Scientists at the Center for Infection and Immunity at Columbia University's Mailman School of Public Health report that they have identified distinct immune changes in patients diagnosed with chronic fatigue syndrome, known medically as myalgic encephalomyelitis (ME/CFS) or systemic exertion intolerance disease. They say their findings could help improve diagnosis and identify treatment options for the disabling disorder, in which symptoms range from extreme fatigue and difficulty concentrating to headaches and muscle pain.

These immune signatures represent the first robust physical evidence that ME/CFS is a biological illness as opposed to a psychological disorder, and the first evidence that the disease has distinct stages. The team’s study (“Results Distinct plasma immune signatures in ME/CFS are present early in the course of illness”) appear online in Science Advances.

The researchers used immunoassay testing methods to determine the levels of 51 immune biomarkers in blood plasma samples collected through two multicenter studies that represented a total of 298 ME/CFS patients and 348 healthy controls. They found specific patterns in patients who had the disease three years or less that were not present in controls or in patients who had the disease for more than three years. Short duration patients had increased amounts of many different types of cytokines. The association was unusually strong with interferon gamma, which has been linked to the fatigue that follows many viral infections, including Epstein-Barr virus (the cause of infectious mononucleosis). Cytokine levels were not explained by symptom severity.

“We found a stronger correlation of cytokine alterations with illness duration than with measures of illness severity, suggesting that the immunopathology of ME/CFS is not static,” wrote the investigators.
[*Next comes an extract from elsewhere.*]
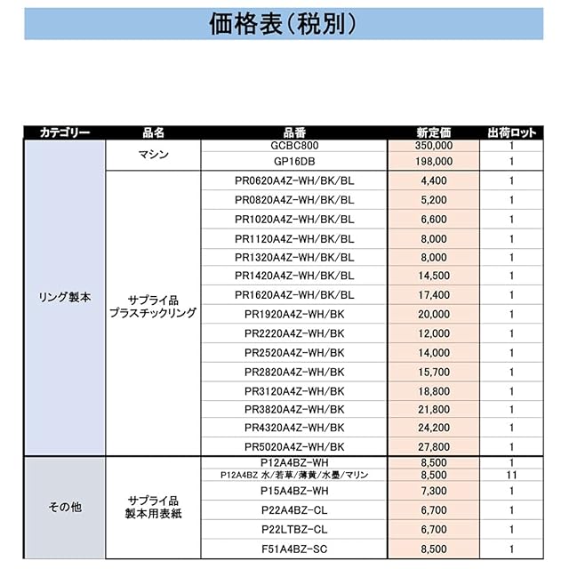 プラスチックリングバインドサプライ品のサイズ紹介 サイズ:A4 20穴 内径6mm~50mm

“We now have evidence confirming what millions of people with this disease already know, that ME/CFS isn't psychological,” says lead author Mady Hornig, M.D., director of translational research at the center. “Our results should accelerate the process of establishing the diagnosis after individuals first fall ill as well as discovery of new treatment strategies focusing on these early blood markers.”
There are already human monoclonal antibodies on the market that can dampen levels of interleukin-17A, which is among those the study shows were elevated in early-stage patients. Before any drugs can be tested in a clinical trial, Dr. Hornig and colleagues hope to replicate the current, cross-sectional results in a longitudinal study that follows patients for a year to see how cytokine levels, including interleukin-17A, differ within individual patients over time, depending on how long they have had the disease.

The study also supports the idea that ME/CFS may reflect an infectious hit-and-run event. Patients often report getting sick, sometimes from something as common as infectious mononucleosis, and never fully recover. The new research suggests that these infections throw a wrench in the immune system's ability to quiet itself after the acute infection, to return to a homeostatic balance.

“It appears that ME/CFS patients are flush with cytokines until around the three-year mark, at which point the immune system shows evidence of exhaustion and cytokine levels drop,” notes Dr. Hornig. “Early diagnosis may provide unique opportunities for treatment that likely differ from those that would be appropriate in later phases of the illness.”